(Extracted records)
--------------------
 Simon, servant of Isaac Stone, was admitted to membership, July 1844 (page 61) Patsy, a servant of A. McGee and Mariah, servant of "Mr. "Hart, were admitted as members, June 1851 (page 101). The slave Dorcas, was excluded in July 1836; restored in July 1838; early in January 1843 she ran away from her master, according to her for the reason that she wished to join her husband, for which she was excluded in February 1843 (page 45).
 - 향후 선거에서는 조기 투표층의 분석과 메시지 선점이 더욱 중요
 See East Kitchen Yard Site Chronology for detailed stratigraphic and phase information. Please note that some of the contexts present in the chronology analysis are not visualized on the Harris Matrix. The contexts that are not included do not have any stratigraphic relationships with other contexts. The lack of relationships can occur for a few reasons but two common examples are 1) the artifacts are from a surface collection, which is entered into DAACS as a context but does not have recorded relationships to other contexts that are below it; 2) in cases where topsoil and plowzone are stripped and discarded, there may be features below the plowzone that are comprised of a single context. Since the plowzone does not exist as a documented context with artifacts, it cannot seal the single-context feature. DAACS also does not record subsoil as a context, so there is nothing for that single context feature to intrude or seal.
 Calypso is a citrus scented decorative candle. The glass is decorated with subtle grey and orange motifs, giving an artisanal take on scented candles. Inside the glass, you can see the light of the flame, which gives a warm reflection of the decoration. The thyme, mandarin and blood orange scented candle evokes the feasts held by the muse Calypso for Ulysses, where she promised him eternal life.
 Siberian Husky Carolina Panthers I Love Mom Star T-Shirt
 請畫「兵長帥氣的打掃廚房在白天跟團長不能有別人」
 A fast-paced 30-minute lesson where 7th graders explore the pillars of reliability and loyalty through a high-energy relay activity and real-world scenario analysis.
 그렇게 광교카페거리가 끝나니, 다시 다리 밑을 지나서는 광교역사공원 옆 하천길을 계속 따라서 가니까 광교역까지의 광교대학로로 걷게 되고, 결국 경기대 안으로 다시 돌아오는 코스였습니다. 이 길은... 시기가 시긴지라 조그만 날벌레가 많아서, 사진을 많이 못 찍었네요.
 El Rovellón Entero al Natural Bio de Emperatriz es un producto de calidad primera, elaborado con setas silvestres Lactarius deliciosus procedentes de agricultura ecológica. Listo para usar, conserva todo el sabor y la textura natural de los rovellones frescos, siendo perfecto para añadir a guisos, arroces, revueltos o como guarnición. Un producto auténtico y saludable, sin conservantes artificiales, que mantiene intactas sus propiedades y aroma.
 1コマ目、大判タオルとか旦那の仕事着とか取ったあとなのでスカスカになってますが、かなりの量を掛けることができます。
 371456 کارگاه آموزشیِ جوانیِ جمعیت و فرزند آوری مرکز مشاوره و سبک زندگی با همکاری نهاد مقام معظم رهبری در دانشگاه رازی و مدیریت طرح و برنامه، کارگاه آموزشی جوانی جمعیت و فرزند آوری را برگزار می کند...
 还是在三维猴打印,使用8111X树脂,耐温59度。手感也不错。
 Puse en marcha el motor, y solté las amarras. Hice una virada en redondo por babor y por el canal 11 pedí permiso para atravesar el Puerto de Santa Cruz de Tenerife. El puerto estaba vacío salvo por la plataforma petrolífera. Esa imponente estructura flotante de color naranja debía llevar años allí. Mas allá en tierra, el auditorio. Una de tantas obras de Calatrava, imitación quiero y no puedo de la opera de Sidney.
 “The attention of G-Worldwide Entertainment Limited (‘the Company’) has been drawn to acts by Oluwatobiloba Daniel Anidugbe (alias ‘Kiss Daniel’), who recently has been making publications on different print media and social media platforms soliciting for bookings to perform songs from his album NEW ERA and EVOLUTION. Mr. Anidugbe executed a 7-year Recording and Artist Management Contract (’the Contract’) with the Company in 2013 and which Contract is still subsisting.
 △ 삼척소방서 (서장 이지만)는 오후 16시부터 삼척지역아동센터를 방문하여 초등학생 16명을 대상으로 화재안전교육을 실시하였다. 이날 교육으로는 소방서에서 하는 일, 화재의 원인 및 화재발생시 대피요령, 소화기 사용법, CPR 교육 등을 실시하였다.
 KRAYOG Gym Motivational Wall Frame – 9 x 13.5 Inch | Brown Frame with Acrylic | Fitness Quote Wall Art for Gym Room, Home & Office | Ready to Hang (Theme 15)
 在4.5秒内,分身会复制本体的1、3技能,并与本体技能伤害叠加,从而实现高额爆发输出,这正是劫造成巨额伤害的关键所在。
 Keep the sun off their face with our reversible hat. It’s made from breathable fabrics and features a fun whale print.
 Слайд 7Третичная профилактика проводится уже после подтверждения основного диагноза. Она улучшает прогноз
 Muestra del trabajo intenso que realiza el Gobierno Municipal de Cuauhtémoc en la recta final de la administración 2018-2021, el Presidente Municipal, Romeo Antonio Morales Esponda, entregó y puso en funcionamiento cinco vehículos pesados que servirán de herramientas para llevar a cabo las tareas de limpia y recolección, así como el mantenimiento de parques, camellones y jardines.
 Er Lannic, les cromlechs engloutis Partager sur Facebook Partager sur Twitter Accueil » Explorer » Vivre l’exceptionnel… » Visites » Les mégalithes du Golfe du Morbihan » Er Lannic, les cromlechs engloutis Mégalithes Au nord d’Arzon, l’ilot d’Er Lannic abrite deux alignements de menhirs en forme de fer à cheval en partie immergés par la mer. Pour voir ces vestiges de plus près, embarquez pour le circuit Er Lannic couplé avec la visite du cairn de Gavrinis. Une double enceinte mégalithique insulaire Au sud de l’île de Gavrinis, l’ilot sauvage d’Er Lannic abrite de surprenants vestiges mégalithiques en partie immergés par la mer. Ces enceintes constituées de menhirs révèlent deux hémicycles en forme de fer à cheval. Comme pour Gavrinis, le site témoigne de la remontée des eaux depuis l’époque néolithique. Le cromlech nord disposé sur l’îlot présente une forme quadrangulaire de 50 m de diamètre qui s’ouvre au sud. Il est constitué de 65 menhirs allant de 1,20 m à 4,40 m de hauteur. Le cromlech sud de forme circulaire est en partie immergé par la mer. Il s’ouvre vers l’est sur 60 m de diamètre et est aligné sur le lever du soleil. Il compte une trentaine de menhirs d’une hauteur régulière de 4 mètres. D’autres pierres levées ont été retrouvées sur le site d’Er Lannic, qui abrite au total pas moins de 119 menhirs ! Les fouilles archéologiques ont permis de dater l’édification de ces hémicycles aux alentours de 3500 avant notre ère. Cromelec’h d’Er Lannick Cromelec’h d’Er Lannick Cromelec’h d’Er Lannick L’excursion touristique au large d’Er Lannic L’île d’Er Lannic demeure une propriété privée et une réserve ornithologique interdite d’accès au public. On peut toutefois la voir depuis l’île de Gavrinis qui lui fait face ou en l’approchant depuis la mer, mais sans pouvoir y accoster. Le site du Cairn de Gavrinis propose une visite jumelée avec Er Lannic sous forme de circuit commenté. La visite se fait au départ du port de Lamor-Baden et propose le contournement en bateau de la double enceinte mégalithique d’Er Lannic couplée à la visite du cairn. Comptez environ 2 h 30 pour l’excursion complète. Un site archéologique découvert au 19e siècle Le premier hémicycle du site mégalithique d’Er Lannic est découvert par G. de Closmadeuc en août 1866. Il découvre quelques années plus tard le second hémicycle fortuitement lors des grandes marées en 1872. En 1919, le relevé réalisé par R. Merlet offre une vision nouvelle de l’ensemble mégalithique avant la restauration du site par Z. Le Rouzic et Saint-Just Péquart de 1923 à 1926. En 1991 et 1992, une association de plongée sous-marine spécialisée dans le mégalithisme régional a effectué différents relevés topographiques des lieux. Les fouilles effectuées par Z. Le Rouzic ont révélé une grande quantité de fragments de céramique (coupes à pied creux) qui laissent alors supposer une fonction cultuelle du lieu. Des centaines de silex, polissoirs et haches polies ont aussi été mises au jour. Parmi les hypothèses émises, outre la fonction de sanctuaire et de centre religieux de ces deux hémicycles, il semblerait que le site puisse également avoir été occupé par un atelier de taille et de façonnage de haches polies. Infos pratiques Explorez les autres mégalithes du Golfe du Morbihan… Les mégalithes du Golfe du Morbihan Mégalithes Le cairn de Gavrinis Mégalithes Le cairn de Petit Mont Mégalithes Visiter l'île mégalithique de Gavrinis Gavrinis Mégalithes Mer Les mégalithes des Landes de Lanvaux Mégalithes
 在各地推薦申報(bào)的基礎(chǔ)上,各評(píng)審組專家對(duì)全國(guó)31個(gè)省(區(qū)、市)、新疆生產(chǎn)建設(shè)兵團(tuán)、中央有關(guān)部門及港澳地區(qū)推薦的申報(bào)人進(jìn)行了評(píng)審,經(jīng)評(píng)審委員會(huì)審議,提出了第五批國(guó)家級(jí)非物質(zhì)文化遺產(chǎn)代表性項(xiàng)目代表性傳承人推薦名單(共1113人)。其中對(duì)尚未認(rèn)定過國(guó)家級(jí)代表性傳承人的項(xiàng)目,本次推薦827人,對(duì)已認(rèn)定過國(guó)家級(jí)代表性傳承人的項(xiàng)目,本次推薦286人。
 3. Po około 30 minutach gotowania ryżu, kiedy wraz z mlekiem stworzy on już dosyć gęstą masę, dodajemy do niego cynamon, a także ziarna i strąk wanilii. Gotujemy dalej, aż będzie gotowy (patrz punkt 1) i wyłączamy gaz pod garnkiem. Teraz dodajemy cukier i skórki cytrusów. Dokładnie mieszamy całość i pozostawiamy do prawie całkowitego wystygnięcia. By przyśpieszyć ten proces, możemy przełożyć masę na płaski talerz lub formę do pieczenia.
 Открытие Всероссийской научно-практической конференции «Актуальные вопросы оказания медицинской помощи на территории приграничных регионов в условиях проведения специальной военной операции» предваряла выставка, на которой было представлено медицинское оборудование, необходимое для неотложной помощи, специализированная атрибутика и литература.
--------------------
- [WHAT YOU HAVE TO DO]: Once the line with "Siberian Husky Carolina" is found in the records above, print exactly that line and every line after it through the line with "그렇게 광교카페거리가 끝나니, 다시".

- [THE ANSWER]:
 Siberian Husky Carolina Panthers I Love Mom Star T-Shirt
 請畫「兵長帥氣的打掃廚房在白天跟團長不能有別人」
 A fast-paced 30-minute lesson where 7th graders explore the pillars of reliability and loyalty through a high-energy relay activity and real-world scenario analysis.
 그렇게 광교카페거리가 끝나니, 다시 다리 밑을 지나서는 광교역사공원 옆 하천길을 계속 따라서 가니까 광교역까지의 광교대학로로 걷게 되고, 결국 경기대 안으로 다시 돌아오는 코스였습니다. 이 길은... 시기가 시긴지라 조그만 날벌레가 많아서, 사진을 많이 못 찍었네요.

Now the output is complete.